Neural plasticity (neuroplasticity) refers to the brain's ability to change its structure and function in response to experience, learning, development, and injury. It operates at multiple levels: synaptic plasticity (strengthening or weakening of individual connections), structural plasticity (growth of new synapses and dendrites), and large-scale reorganization (remapping of cortical representations). Plasticity is the biological basis of all learning and memory and enables partial recovery from brain damage.
Key Structures
- Distributed (cortical remapping)
- Hippocampus (neurogenesis) — A medial temporal lobe structure essential for the formation of new declarative memories and spatial navigation — one of the most studied structures in cognitive neuroscience.
- Motor cortex (skill learning) — The precentral cortical region that plans, initiates, and executes voluntary movements through corticospinal projections, particularly in relation to skill learning.
- Somatosensory cortex (experience-dependent changes)
- Dendrites — The branching extensions of a neuron that receive electrochemical signals from other neurons and conduct them toward the cell body for integration.
Key Functions
The brain's ability to reorganize its structure and function in response to experience, learning, injury, or environmental demands, through mechanisms including synaptogenesis, synaptic pruning, neurogenesis, and cortical remapping.
Forms of Plasticity
Experience-dependent plasticity reflects the brain's response to environmental input: musicians develop enlarged cortical representations for their practiced hand, London taxi drivers have larger hippocampi, and learning to juggle produces detectable gray matter changes within weeks. Experience-expectant plasticity occurs during critical periods when the brain requires specific input for normal development (e.g., visual input for visual cortex development). Compensatory plasticity enables recovery after brain damage by recruiting alternative neural pathways.
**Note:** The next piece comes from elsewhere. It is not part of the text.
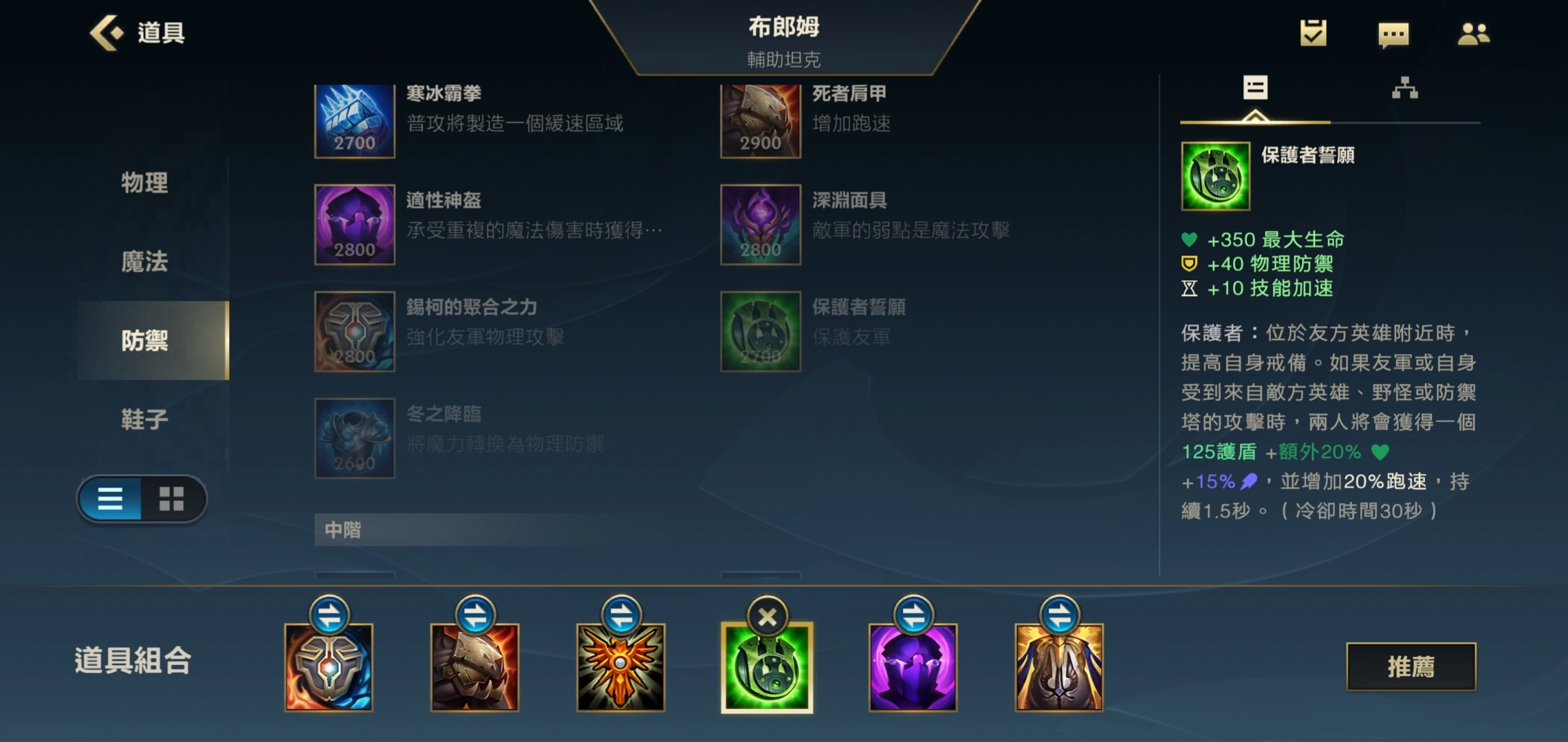 第四件装备我们选择保护者誓约,这件装备能在自身或队友遭受攻击时,为队友与自己生成一个护盾并附加加速效果,这样无论是撤离战场还是追击敌人都会更加便捷。

Plasticity is greatest during critical (or sensitive) periods in development — windows when the brain is especially responsive to environmental input. After critical periods close, plasticity is reduced but not eliminated. Recent research has identified molecular mechanisms that regulate critical period opening and closing (including perineuronal nets and specific neurotransmitter systems), raising the possibility of reopening critical periods to enable adult learning or recovery with the plasticity of the developing brain.
Disorders
- Stroke recovery (post-injury plasticity)
- Phantom limb pain (maladaptive plasticity) — Vivid perception of pain or sensation in a limb that has been amputated; caused by cortical reorganization and maladaptive plasticity.
- Chronic pain — Persistent pain lasting beyond normal tissue healing, involving central sensitization and neuroplastic changes in pain processing circuits.
- Learning disabilities — Neurodevelopmental conditions affecting the acquisition of reading, writing, or mathematical skills despite adequate intelligence and instruction.
- Amblyopia — Reduced vision in one eye due to abnormal visual development in childhood; brain favors the other eye.